Soon this ivory talisman begins to come to life at night, offering wisdom and encouragement in roaming dreams of smoke and moonlight that come to feel ever more real.

As Evie grows stronger there remains one problem her new parents can’t fix for her: a revenge that must be taken. And it seems that the Dragon is the one to take it.

This subtly unsettling novel is told from the viewpoint of a fourteen-year-old girl damaged by a past she can’t talk about, in a hypnotic narrative that, while giving increasing insight, also becomes increasingly unreliable.

A blend of psychological thriller and fairytale, The Bone Dragon explores the fragile boundaries between real life and fantasy, and the darkest corners of the human mind.

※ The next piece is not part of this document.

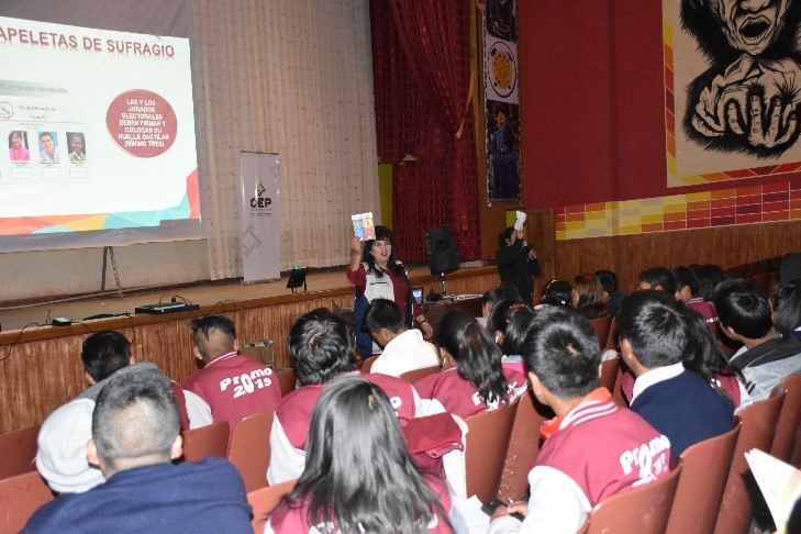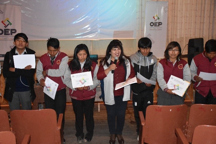 Más de 200 estudiantes de 3ro, 4to, 5to y 6to secundaria de la Unidad Educativa Pedro Kramer, del municipio de Corocoro, en La Paz, participaron en el taller que organizó el Tribunal Electoral Departamental (TED) de La Paz sobre Democracia Intercultural y Paritaria, gobiernos estudiantiles y liderazgo.

My review of this novel begins with WOW. I was not expecting anything special, especially when I read the title and synopsis but I always like being proven wrong. The Bone Dragon is brilliant. Not a quick read like some of the others recently, I took my time and savoured every bit of action and twist in the plot.

Evie has been broken, literally to bits but is slowly being mended in no small part due to her adoptive parents and new family. She’s lived through abuse and her new life surrounded by people who genuinely care is hard to slot into, but she’s trying. Her Dragon charm seems to be the one thing to help her make a change, it’s a symbol of where she can go not where she’s been and although the Dragon and scenes featuring him are very much fantasy it didn’t put me off at all. I was hooked to Evie’s story and completely loved her character.

This novel is incredibly dark, even the lighter moments, where Evie tries to spend time with her friends and get on with school like a ‘normal’ pupil there’s always a sense that she can’t overcome her differentness. All the small nuances from her fiery hatred of the school bully to her adoptive mother’s obsessive worrying make the whole novel more complete and believable. Casale blends fantasy with all the features of a fantastic psychological thriller and it’s an extremely powerful debut which leaves me wanting more from the author.

I want to know what happens to Evie and knowing that I can’t is so annoying. It does show that Casale creates pretty awesome characters.